Exercise aim> Pull out every line from the line containing "オンデマンド印刷は数10部~" through the end of the material, both ends included, and reproduce it exactly. Keep pictures out.

Data>
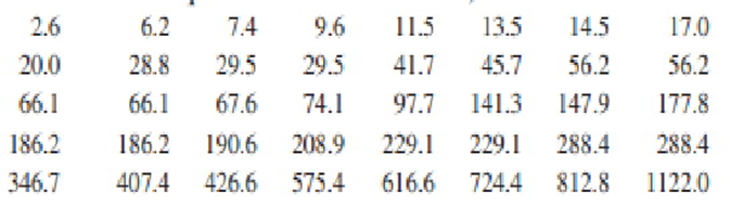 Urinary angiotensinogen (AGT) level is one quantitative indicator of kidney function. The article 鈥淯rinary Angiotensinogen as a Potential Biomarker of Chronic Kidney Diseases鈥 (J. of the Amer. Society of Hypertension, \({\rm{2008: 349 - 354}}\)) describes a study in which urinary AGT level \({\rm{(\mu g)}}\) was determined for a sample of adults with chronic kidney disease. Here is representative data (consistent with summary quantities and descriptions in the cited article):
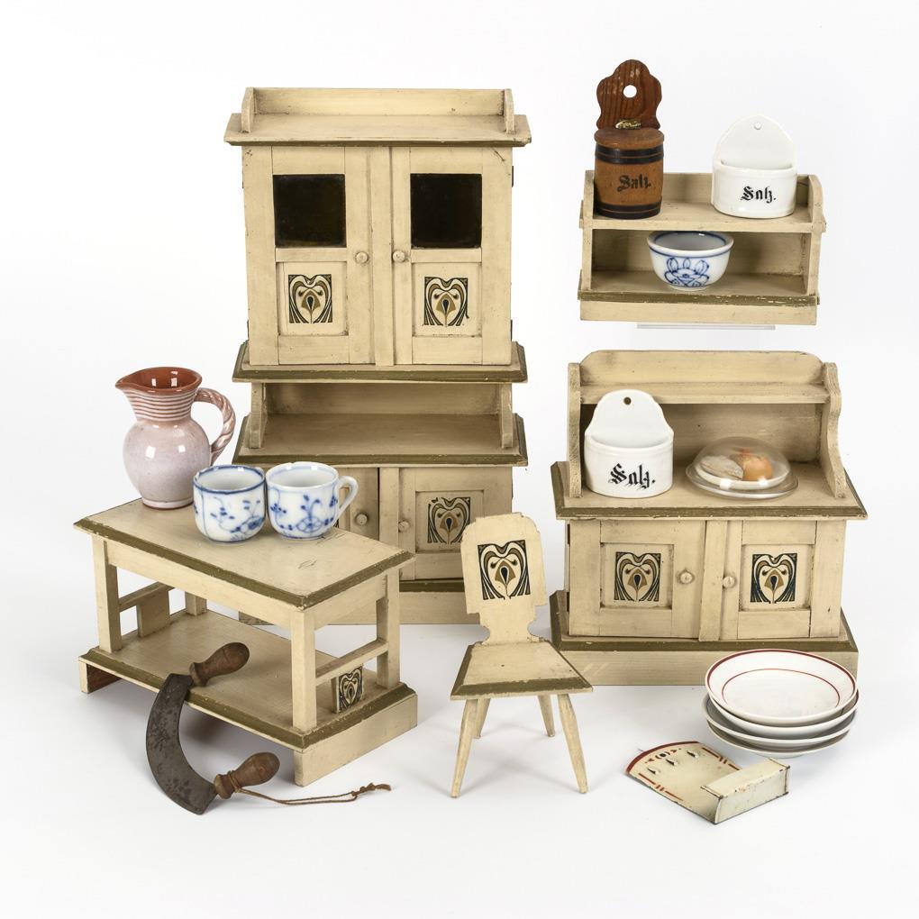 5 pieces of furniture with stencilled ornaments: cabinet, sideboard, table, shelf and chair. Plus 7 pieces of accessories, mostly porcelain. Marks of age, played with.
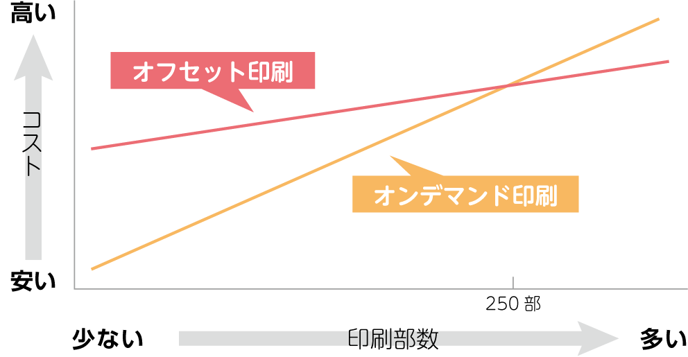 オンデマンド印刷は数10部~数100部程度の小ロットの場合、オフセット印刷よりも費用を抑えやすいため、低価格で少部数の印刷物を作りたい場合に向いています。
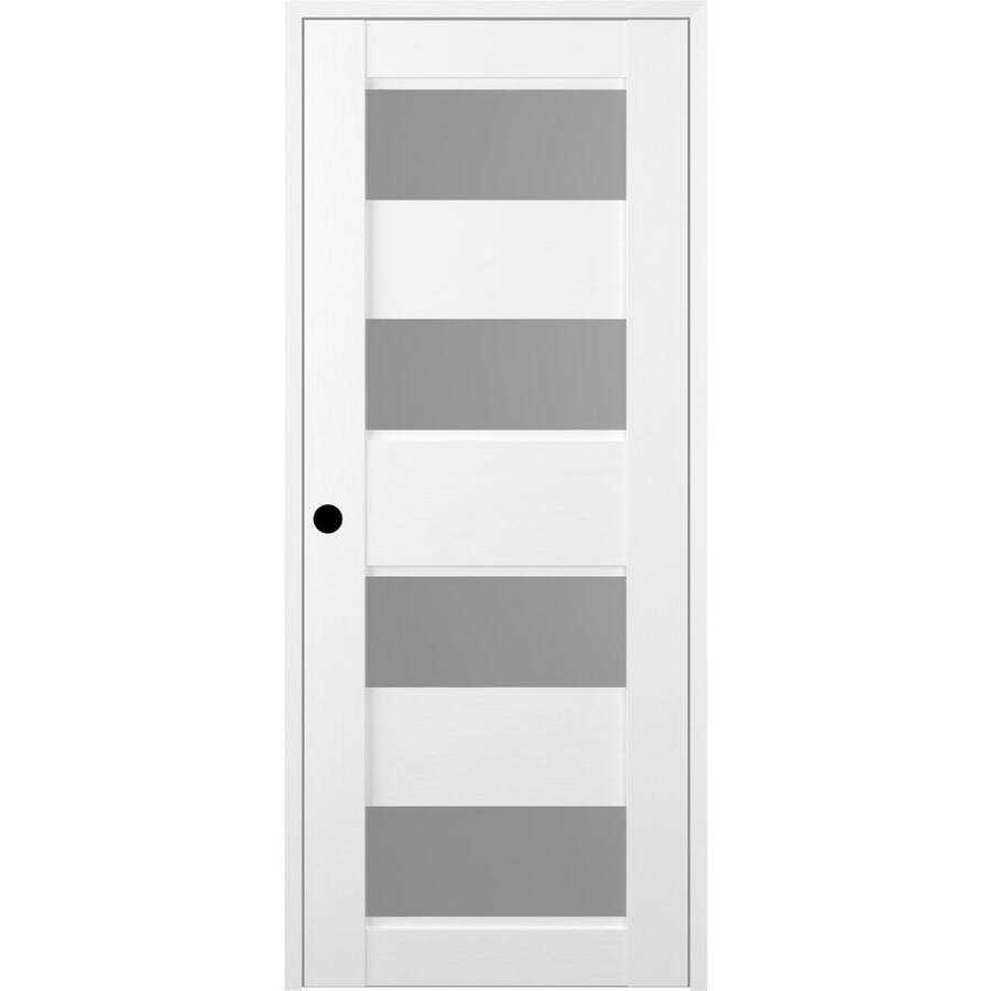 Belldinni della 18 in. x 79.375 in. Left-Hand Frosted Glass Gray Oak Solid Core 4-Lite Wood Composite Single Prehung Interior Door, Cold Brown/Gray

Solved problem>
 オンデマンド印刷は数10部~数100部程度の小ロットの場合、オフセット印刷よりも費用を抑えやすいため、低価格で少部数の印刷物を作りたい場合に向いています。
 Belldinni della 18 in. x 79.375 in. Left-Hand Frosted Glass Gray Oak Solid Core 4-Lite Wood Composite Single Prehung Interior Door, Cold Brown/Gray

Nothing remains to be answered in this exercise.